All Variance Inflation Factor (VIF) values in our model
are below 1.12 and below the threshold, this ensure that
model coefficient estimates are stable and that model can confidently
interpret the individual effects of each predictor on weight loss
outcomes. [1][2][3]
The Q-Q plot of residuals demonstrates a normal distribution , further validating the model’s assumptions and strengthening the credibility of our findings. This normal distribution of residuals indicates that our model is well-specified and that the relationships between variables are appropriately captured.[6]
| Characteristic | Interpretation |
|---|---|
| Age | As age increases, weight loss decreases slightly. |
| AfterWeight | Higher after-weight slightly reduces weight loss. |
| Gender_numeric | Indicates potential differences in weight loss outcomes between genders. |
| SleepQuality | Moderate positive effect |
| DietAdherence | Second strongest positive effect |
| ExerciseIntensity | Strongest positive predictor of weight loss. |
| Predictor | Coefficient (Threshold 0.3) | Coefficient (Threshold 0.2) | p-value (Threshold 0.2) | p-value (Threshold 0.3) | Interpretation |
|---|---|---|---|---|---|
| Age | -0.04238 | -0.030569 | 0.00144 | 0.007 | Older age decreases weight loss. |
| AfterWeight | -0.02999 | -0.025912 | 0.00393 | 0.044 | Higher starting weight decreases weight loss. |
| DietAdherence | 0.60710 | 0.624733 | <0.001 | <0.001 | Higher diet adherence increases weight loss. |
| ExerciseIntensity | 0.64168 | 0.728287 | <0.001 | <0.001 | Higher exercise intensity increases weight loss. |
| SleepQuality | N/A | 0.404399 | <0.001 | N/A | Better sleep quality increases weight loss. |
| Gender_numeric | N/A | 0.388966 | 0.00712 | N/A | Gender positively impacts weight loss. |
All predictors have low VIF values (< 1.2), indicating no significant multicollinearity.

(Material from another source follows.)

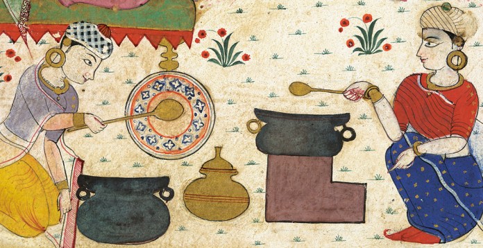 जिसे हर जगह के लोग अपने अनुसार अलग अलग रूप रंग के साथ पकाते हैं । बिरयानी मूलतः भारतीय व्यंजन नहीं है लेकिन ये भारत मे कब और कैसे आयी इसे लेकर कई धारणाएं हैं जिसमे से एक धारणा यह है की तुर्क मुग़ल शासक तैमूर सन 1398 मे जब भारत आये तो वो अपने साथ बिरयानी की रेसेपी लेकर आये जो की उनके सैनिकों के भोजन के रूप मे तैयार की गयी थी जिसमे मिट्टी के घड़ों मे चावल, मसाले और मीट को भर कर आग के गड्ढे मे दबाया जाता था और पक जाने के बाद सैनिकों को परोसा जाता था।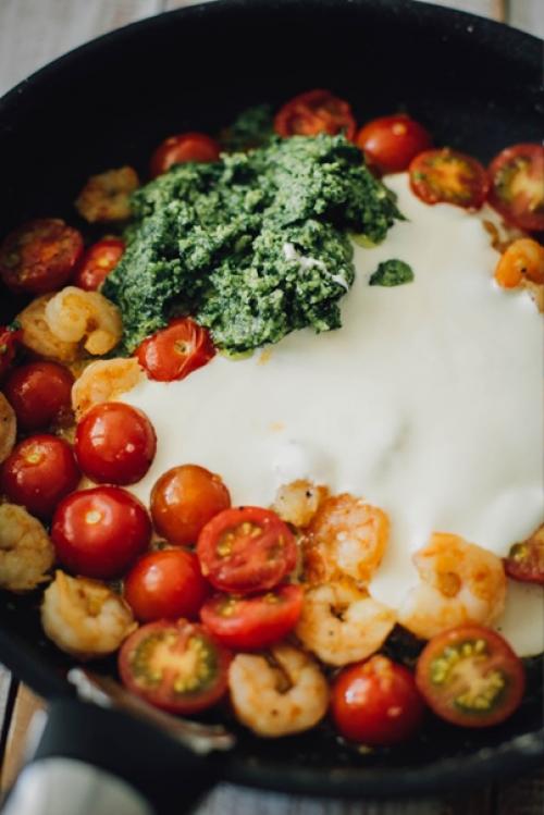 3. добавьте сметану и песто. Аккуратно перемешайте и готовьте пять минут. Добавьте пасту и снова аккуратно перемешайте. Посолите, поперчите по вкусу. Подавайте с тертым сыром пармезан. Сохрани рецепт, чтобы не потерять!

Both models emphasize the importance of DietAdherence and ExerciseIntensity for weight loss. The extended model with SleepQuality and Gender provides a more comprehensive understanding. Tailored programs based on these factors will be more effective in helping individuals achieve weight loss goals.